» What you have to do: Print the lines below from the line with "キロココとクロすっかり馴染んで キロ達と同じ格好で寝ています。 時には親子のように毛づくろいしてあげています" to the line with "Tolerancja wymiarów mebli" exactly, keeping both ends, and print no pictures.

(Records drawn from a dataset)
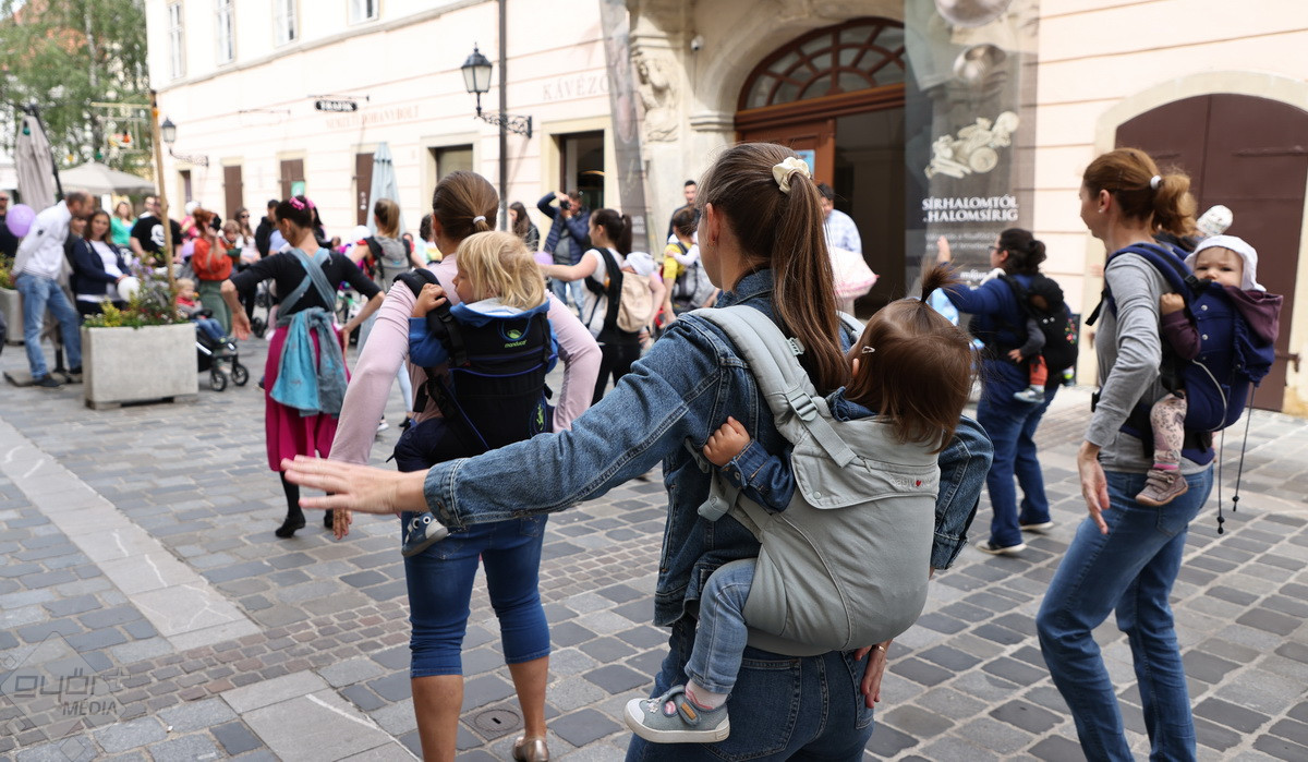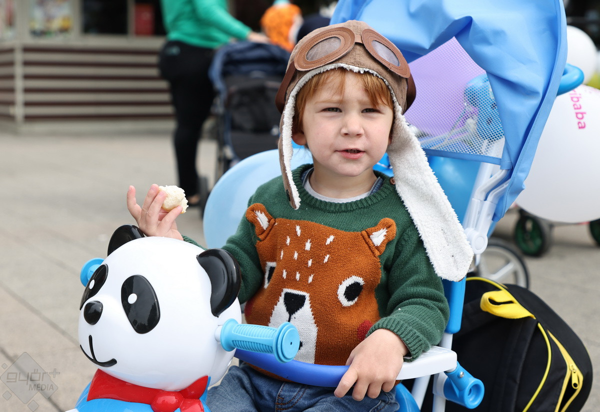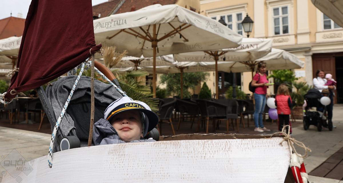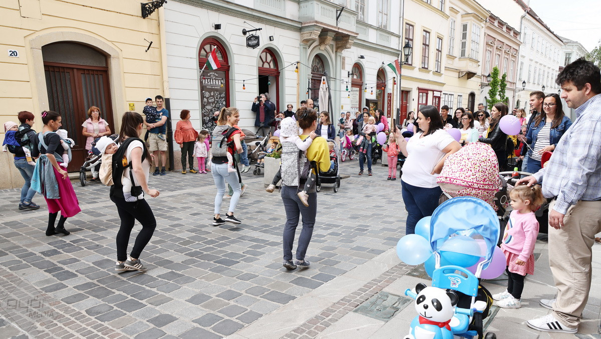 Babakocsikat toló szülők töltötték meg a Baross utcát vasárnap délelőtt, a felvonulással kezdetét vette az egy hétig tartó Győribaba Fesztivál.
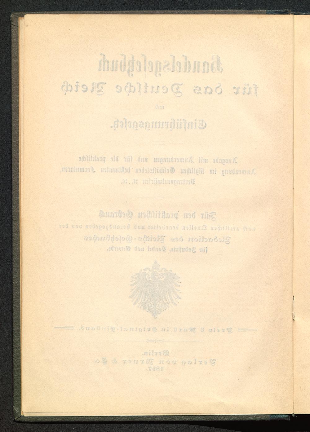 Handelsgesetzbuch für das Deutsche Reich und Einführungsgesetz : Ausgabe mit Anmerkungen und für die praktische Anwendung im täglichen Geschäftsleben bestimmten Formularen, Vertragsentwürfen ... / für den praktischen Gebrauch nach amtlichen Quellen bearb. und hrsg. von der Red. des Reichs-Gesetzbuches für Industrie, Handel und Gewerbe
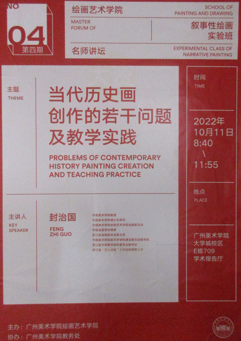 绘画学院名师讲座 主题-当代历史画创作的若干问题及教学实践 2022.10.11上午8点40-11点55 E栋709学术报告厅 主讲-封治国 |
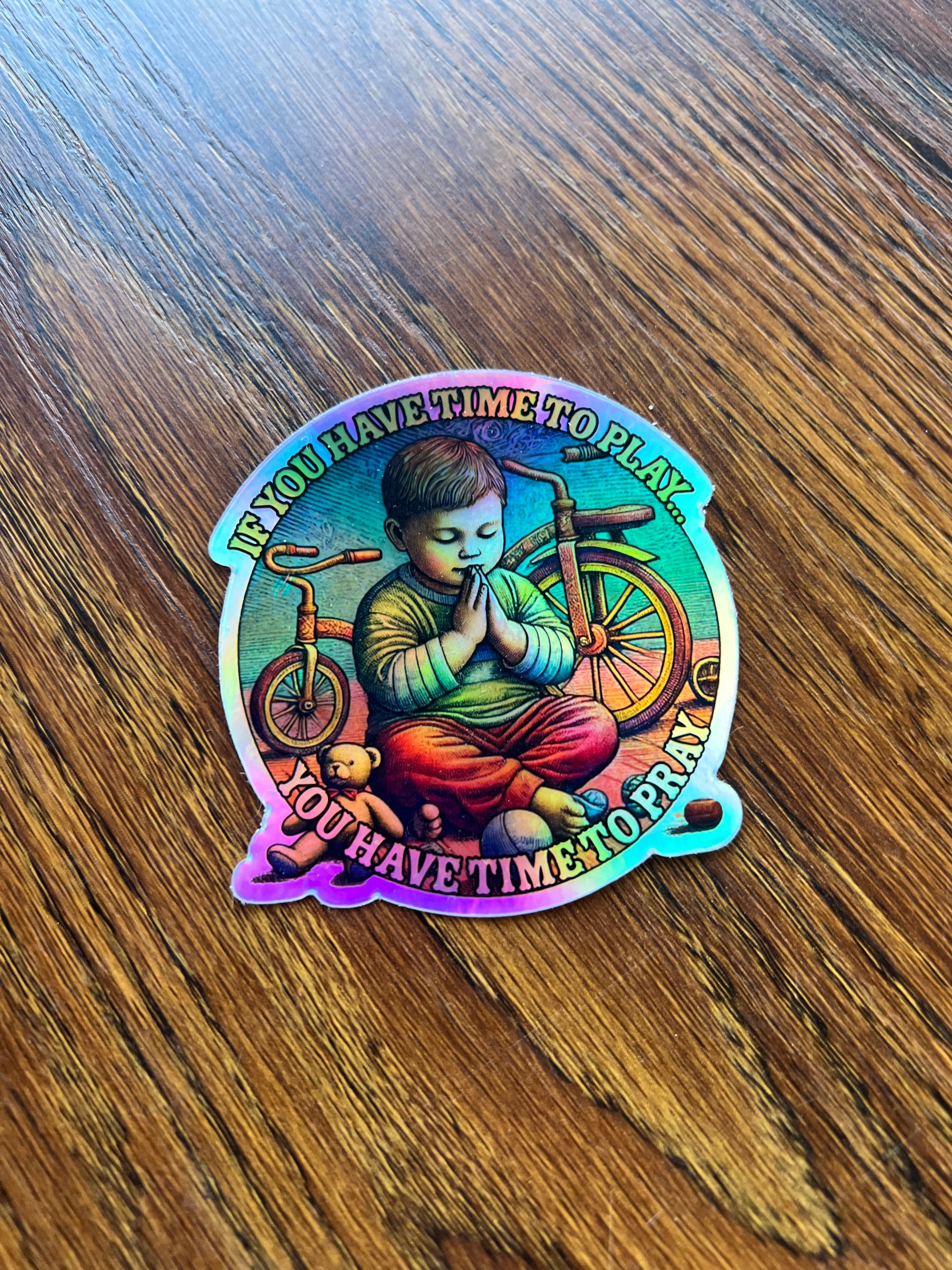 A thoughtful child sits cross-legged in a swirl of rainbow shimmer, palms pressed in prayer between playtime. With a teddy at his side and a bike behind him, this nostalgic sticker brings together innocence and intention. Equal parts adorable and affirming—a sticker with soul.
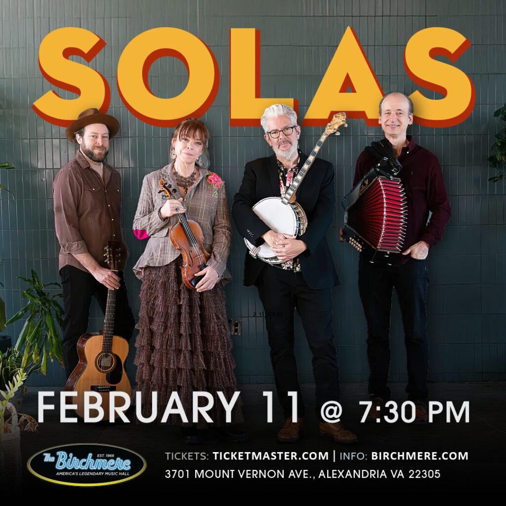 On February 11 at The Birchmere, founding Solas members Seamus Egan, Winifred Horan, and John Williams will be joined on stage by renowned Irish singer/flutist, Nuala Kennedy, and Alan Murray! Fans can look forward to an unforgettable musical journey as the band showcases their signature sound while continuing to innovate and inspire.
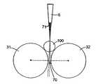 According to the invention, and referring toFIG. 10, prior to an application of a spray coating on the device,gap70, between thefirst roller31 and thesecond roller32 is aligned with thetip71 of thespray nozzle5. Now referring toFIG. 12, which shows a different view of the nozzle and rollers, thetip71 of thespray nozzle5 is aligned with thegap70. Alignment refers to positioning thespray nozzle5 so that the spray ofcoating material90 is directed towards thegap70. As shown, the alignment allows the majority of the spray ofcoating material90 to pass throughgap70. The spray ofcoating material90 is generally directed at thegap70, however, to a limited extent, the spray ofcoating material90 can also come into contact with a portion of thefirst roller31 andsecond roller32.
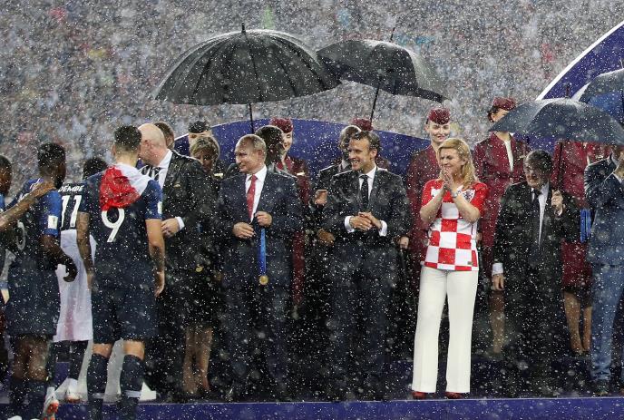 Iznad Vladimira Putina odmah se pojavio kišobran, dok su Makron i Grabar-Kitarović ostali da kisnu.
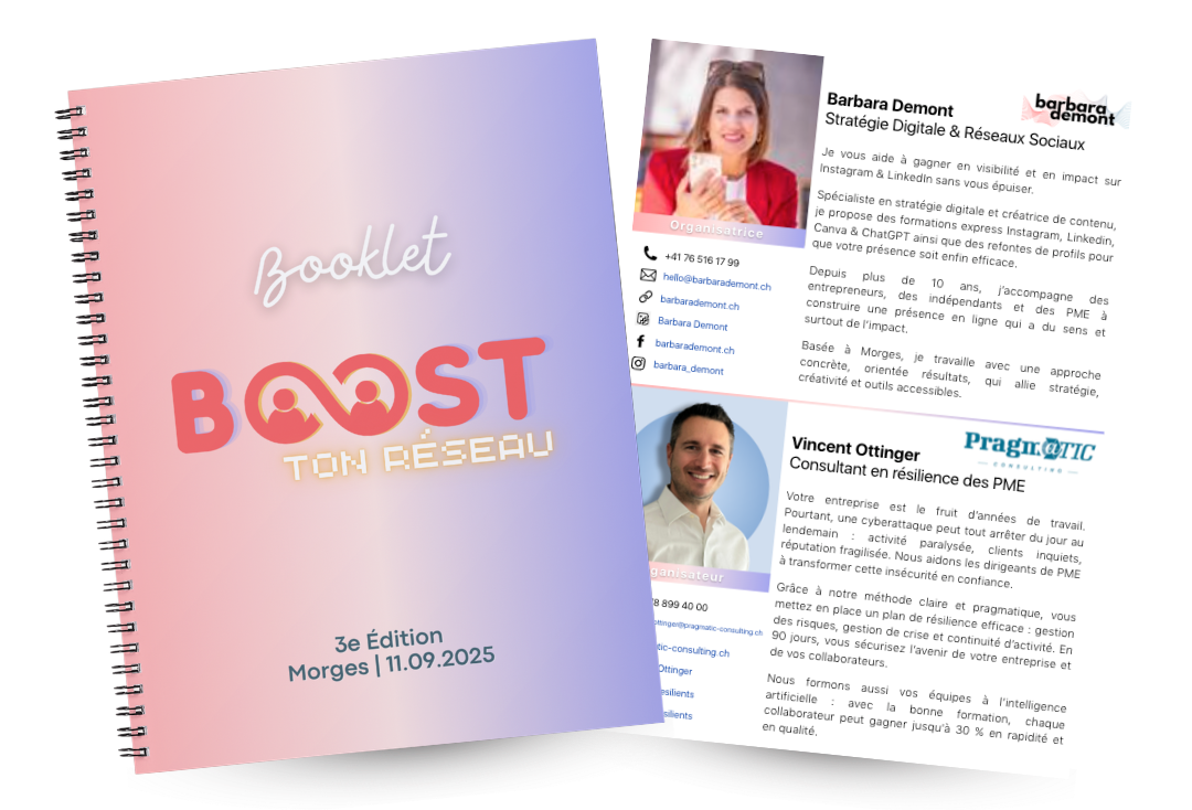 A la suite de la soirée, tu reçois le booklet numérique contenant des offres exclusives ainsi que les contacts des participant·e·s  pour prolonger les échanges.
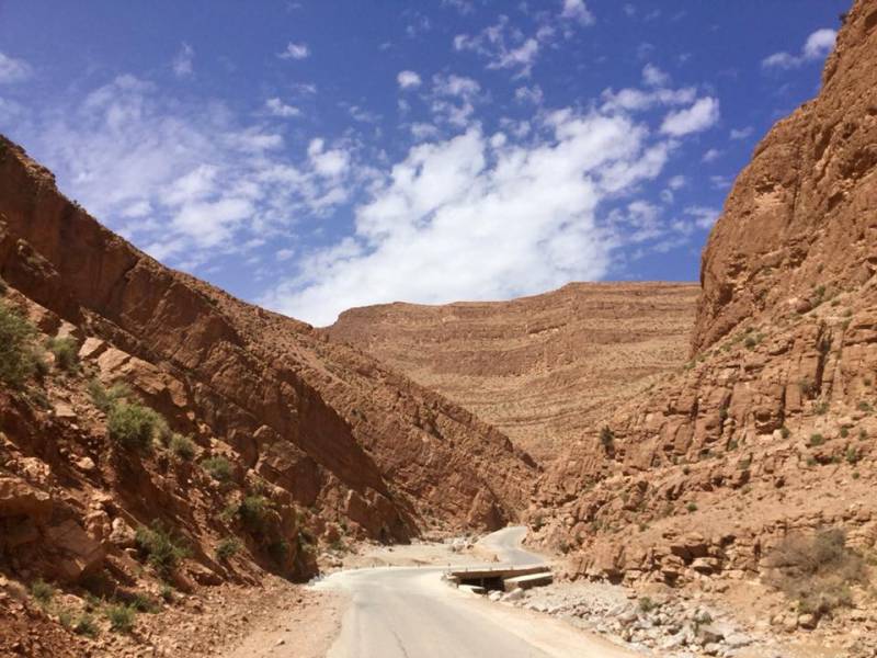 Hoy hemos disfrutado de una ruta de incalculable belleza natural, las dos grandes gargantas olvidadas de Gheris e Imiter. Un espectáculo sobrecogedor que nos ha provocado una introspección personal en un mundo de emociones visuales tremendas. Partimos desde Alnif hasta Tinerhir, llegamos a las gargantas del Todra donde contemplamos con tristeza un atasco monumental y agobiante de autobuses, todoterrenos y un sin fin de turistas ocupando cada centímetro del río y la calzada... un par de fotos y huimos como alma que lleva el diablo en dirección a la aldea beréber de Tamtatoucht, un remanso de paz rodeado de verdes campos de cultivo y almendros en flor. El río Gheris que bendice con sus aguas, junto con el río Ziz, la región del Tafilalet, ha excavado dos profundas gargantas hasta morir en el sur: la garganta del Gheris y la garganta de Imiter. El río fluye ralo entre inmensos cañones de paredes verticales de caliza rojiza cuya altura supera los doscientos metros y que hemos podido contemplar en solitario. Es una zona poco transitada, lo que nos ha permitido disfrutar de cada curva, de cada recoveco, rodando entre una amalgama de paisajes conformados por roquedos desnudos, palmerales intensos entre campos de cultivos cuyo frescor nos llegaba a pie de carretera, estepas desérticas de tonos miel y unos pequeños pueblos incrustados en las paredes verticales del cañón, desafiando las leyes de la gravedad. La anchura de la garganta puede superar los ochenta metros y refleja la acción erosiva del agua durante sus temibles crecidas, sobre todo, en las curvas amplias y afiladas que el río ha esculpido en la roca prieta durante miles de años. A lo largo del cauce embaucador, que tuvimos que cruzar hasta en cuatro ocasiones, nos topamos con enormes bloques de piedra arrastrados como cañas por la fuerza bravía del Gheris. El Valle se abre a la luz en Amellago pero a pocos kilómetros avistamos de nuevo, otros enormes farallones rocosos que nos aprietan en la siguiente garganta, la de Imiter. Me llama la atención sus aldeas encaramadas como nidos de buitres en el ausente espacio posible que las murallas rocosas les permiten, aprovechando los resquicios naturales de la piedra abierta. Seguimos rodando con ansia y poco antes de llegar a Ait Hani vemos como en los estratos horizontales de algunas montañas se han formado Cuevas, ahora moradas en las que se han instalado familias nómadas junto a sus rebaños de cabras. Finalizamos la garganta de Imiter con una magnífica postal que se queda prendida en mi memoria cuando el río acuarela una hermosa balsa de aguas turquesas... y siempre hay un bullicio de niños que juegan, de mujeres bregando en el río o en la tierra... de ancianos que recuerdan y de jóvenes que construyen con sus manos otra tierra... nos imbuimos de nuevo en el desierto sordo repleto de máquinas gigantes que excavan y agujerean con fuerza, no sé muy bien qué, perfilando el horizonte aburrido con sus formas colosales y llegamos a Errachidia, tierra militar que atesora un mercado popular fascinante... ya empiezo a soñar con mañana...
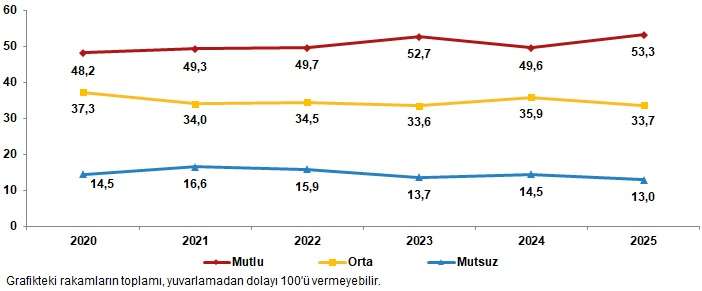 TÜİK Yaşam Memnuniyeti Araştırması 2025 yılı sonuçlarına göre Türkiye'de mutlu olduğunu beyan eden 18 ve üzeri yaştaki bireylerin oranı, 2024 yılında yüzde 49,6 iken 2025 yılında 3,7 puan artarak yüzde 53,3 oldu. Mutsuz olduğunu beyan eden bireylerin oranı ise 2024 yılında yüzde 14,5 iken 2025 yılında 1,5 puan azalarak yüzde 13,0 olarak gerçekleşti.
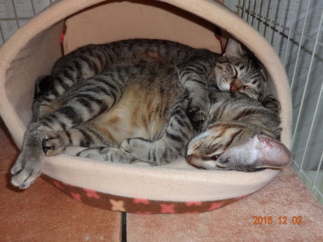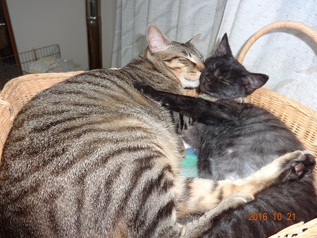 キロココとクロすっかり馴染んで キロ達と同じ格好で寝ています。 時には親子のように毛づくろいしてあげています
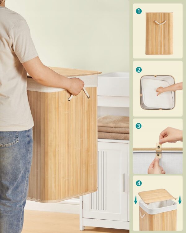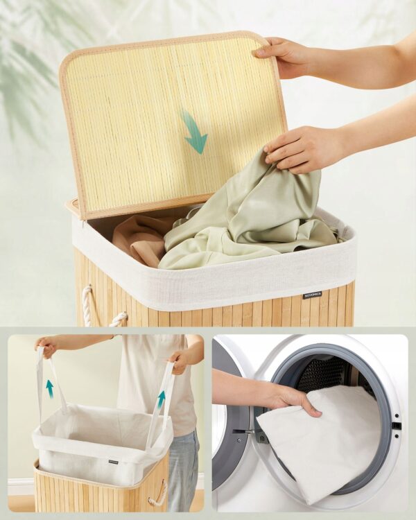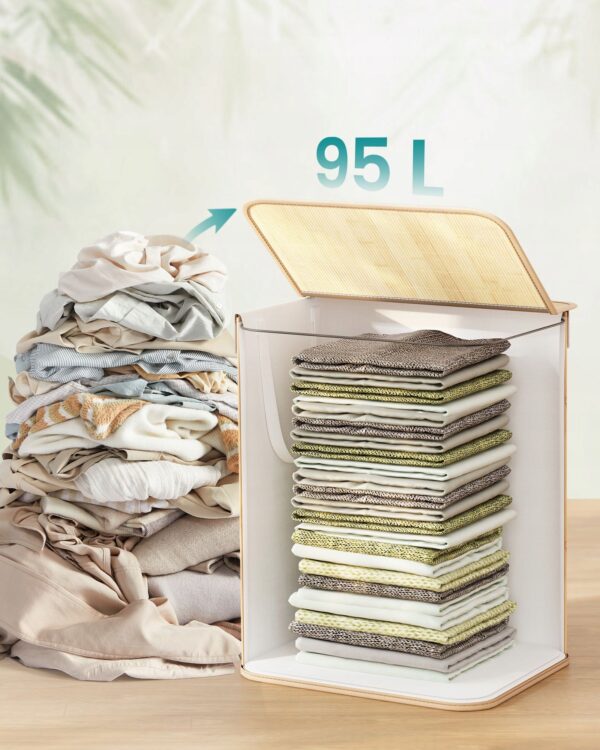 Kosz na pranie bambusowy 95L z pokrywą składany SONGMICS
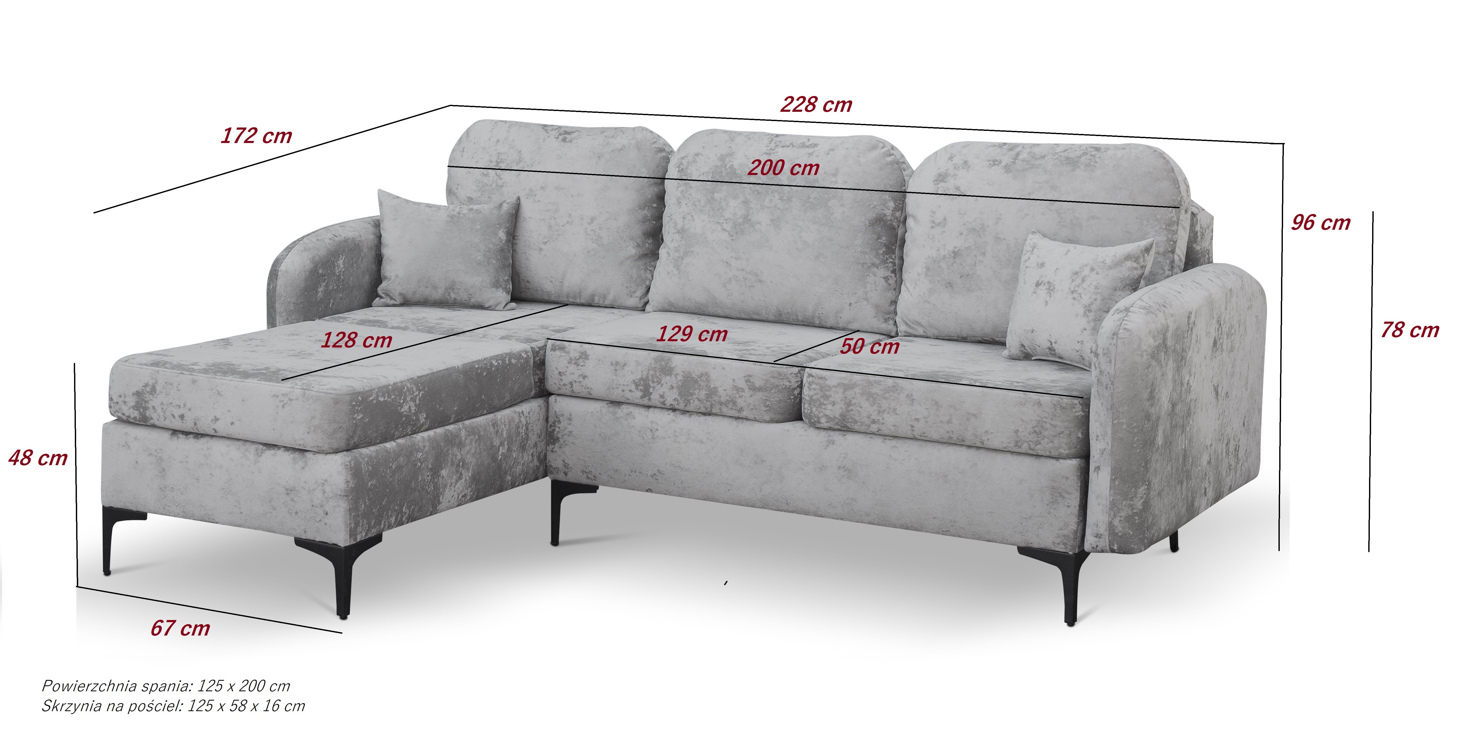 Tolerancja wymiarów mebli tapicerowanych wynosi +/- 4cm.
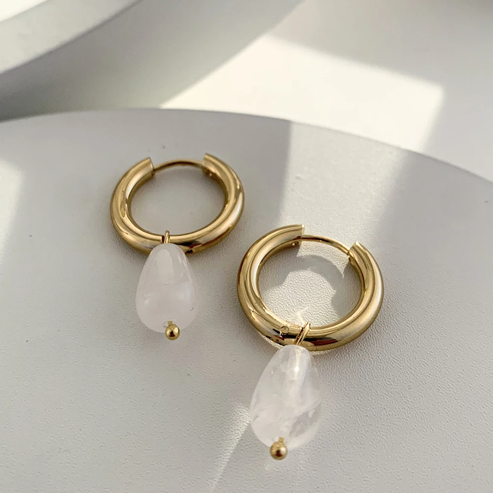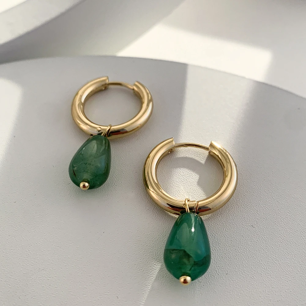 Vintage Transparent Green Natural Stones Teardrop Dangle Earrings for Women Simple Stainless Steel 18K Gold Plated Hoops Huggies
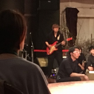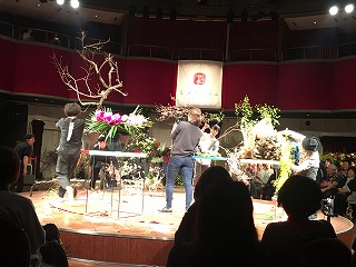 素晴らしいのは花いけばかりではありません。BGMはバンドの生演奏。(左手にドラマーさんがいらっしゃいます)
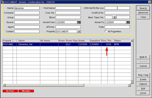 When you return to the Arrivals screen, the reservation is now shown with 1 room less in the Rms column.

» Problem solution:
 キロココとクロすっかり馴染んで キロ達と同じ格好で寝ています。 時には親子のように毛づくろいしてあげています
 Kosz na pranie bambusowy 95L z pokrywą składany SONGMICS
 Tolerancja wymiarów mebli tapicerowanych wynosi +/- 4cm.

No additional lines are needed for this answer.